# Jungle Leopards



## Neal (Jan 2, 2011)

I planted a new round of grass and hay in the baby leopard enclosure. With all the humidity it's growing really well and kinda looks like a jungle. 

















How many do you see?






Breakfast time.


----------



## ChiKat (Jan 2, 2011)

Nice pics! Your Leopards are stunning.
The little one in the last picture has a really long tail (but maybe I'm just used to my Russian's little stub of a tail )


----------



## onarock (Jan 2, 2011)

Nice Neal. How many have you hatched so far?


----------



## coreyc (Jan 2, 2011)

Awesome pic's nice little leo's I like the darker one  I see four


----------



## Neal (Jan 2, 2011)

onarock said:


> Nice Neal. How many have you hatched so far?



4. One more should be hatching in a couple of days, than another in a couple weeks. The rest of my eggs are fertile and developing slowly.



coreyc said:


> Awesome pic's nice little leo's I like the darker one  I see four



That was the first one I hatched. She is perfect so far and I am doing everything to keep her that way. I'll be keeping her around for a long time.



ChiKat said:


> Nice pics! Your Leopards are stunning.
> The little one in the last picture has a really long tail (but maybe I'm just used to my Russian's little stub of a tail )



Ya I'm going with this one being male. He's a beast just like the father. He eats the most and is the most active so far. He's gaining about 3 grams a week which is pretty impressive.


----------



## ALDABRAMAN (Jan 2, 2011)

Very Nice!


----------



## Tom (Jan 2, 2011)

They look great Neal. Rather, I should say they look perfect. What is your incubation temp? I bet that split scute one turns out to be female, even thought that tail does look kinda long right now.


----------



## Neal (Jan 2, 2011)

Tom said:


> They look great Neal. Rather, I should say they look perfect. What is your incubation temp? I bet that split scute one turns out to be female, even thought that tail does look kinda long right now.

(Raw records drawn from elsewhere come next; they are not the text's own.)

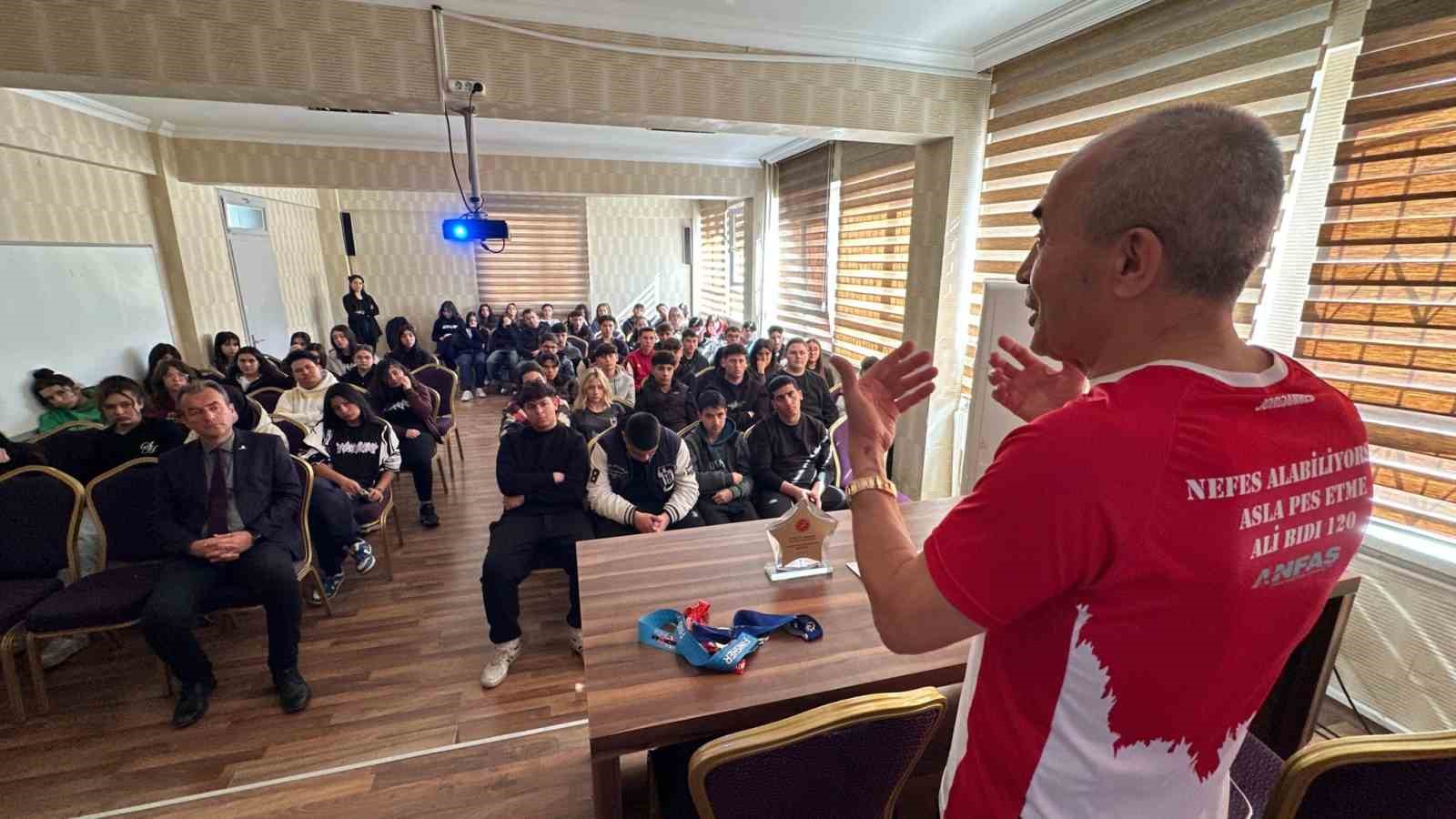 İnsan anatomisi hakkında öğrendiği bilgileri öğrencilere aktaran Ali Bıdı, “İş hayatınızda başarılı olmak için sağlıklı bir yaşam da sürdürmek zorundasınız. Hangi sporu istiyorsanız yapın ancak asla hareketsiz kalmayın. Düzenli spor ve sağlıklı beslenme konusunda asla taviz vermeyin” diye konuştu.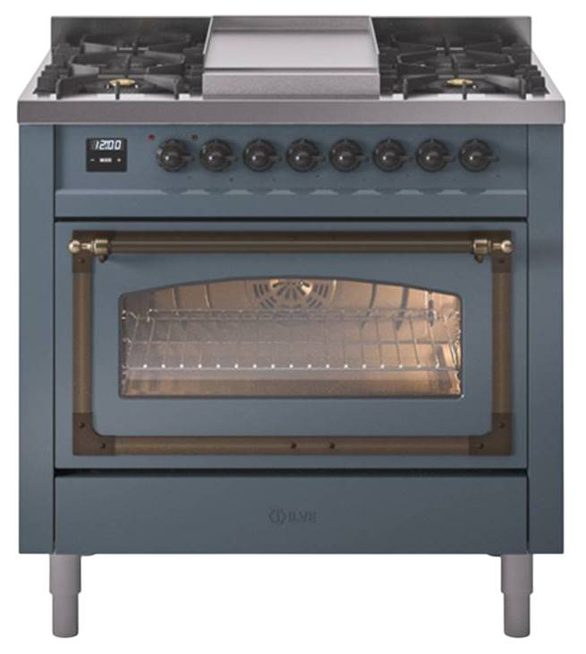 Introducing the new Nostalgie II 36" dual fuel range, a classic addition with a touch of innovation to any kitchen. This range feature sealed burners equipped with total black brass burner that has a non-stick nanotechnological coating, heavy cast iron grates, 3.5 cu. ft. total oven capacity and soft closing door system.Read More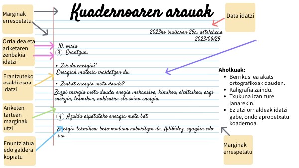 - Ez utzi orrialdeak idatzi gabe, ondo aprobetxatu koadernoa.

That one was around 86 so it could be either or. I think split scute tortoises are more often female, but males happen too. I have a male indian star with irregular scutes.


----------



## Isa (Jan 3, 2011)

Beautiful tortoises


----------



## dmmj (Jan 3, 2011)

the look nice, are those two on the bottom a new breed? I see red dots on the back, very interesting.


----------



## onarock (Jan 3, 2011)

Neil, what was the incubation humidity?


----------



## Neal (Jan 3, 2011)

High 80's. 88% average. All I did was cut an 18 oz plastic cup to about 2 inches tall and kept that filled with water inside the incubator. The peralite was mixed with 1.1 lb water so that helps too.


----------



## Calaquendi (Jan 3, 2011)

Wow, I love their shell <3


----------



## John (Jan 4, 2011)

great pics neal,and real good lookin torts!


----------